Orhan Pamuk can’t live without his daily fix of reading or writing
Orhan Pamuk can’t live without his daily fix of reading or writing

No other Turkish novelist has approached the international acclaim that Orhan Pamuk, Turkey’s only Nobel laureate, has achieved. While his fame has brought him a global community of readers, it has also dragged him into the political arena, bringing controversy and political persecution at home (for comments he made in an interview about the Armenian genocide) and imposing the duty to speak for the nation abroad. 

This autobiographical collection includes personal reminiscences, a short story, literary analyses, political commentary and his Nobel acceptance speech. Many essays provide a lyrical glimpse into the intimacies of the writer’s life. Modestly quotidian but elusive moments, from the happiness of sharing a carriage ride with his small daughter to the uncanny sense of inanimate objects having intense affections in the insomniac small hours, are beautifully evoked.

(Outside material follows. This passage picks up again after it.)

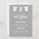 Cute Baby Shower-inbjudan i ett blått och grått färg-schema, med en illustration av baby kroppsdräkter i en garderob. Den här designen är perfekt för en Boy Baby Shower firande.

Other Colours by Orhan PamukLiterature is not only a vocation; it is a drug. Pamuk can’t live without his “daily fix” of reading or writing. The imaginary landscapes of the novel are as important as real places, and Pamuk reveals his elective affinities with, among others, Dostoyevsky, Thomas Mann, Thomas Bernhard, Sterne and Stendhal. At times his literary essays provide a fascinating glimpse into the genealogy of his distinctive style; at others he offers up more general introductions to an author’s work. Regrettably, his essays on Turkish writers including Aziz Nesin, Yasar Kemal and Tanpinar are not included here. 

This is a grave omission although, given Anglophone cultural insularity, it is unsurprising, and takes us to the crux of the controversies that surround him at home. Global acclaim has resulted in the accusation that Pamuk writes for an international rather than a domestic audience, a resentment arising out of a sense of cultural denigration by the West which pervades much Turkish literature. Many essays engage with questions of the novelist’s imagined audience and political responsibilities. In an essay on Mario Vargas Llosa, he describes the Third World writer’s predicament, where exile is “not so much a matter of geography as a spiritual state... of being a perpetual foreigner”. 

Although his work has ventured beyond it, most notably on a hallucinatory road-trip across Turkey in The New Life and To Kars in Snow, Istanbul and the ghosts of that city are the wellspring of his inspiration. In his observations on barbers, street food and family holidays, Pamuk interweaves personal reminiscence and social history, a strategy he employed so engagingly in Istanbul, shifting from a historical perspective to moments of autobiographical complicity.

It is this devotion to the city and its frailties and decay that marks him out as a Romantic writer as much as a postmodern one: “The city’s collective memory is its soul, and its ruins are its most eloquent testimony”. Turkey rests uneasily on geographical and cultural fault lines, and Pamuk returns in many essays to the natural and political disasters, the earthquakes and cultural clashes that distract and inspire the writer. The East-West question has always haunted him, both because of the Turkish Republic’s history and because the novel is a quintessentially European form. Yet, as he points out, many of its greatest exponents are, like Dostoyevsky, not European.

Pamuk’s allegiances are to universal human rights and freedom of expression, not to East or West. While these Enlightenment ideals emerged out of European culture, he condemns the West for its hypocrisy, bombing countries in the name of democracy. The Turkish intellectual in Istanbul, that non-European European city, “depends on the ideal of the West, rather than on the West itself”. This collection confirms Pamuk’s status as writer with global stature but a profoundly and particularly Turkish perspective.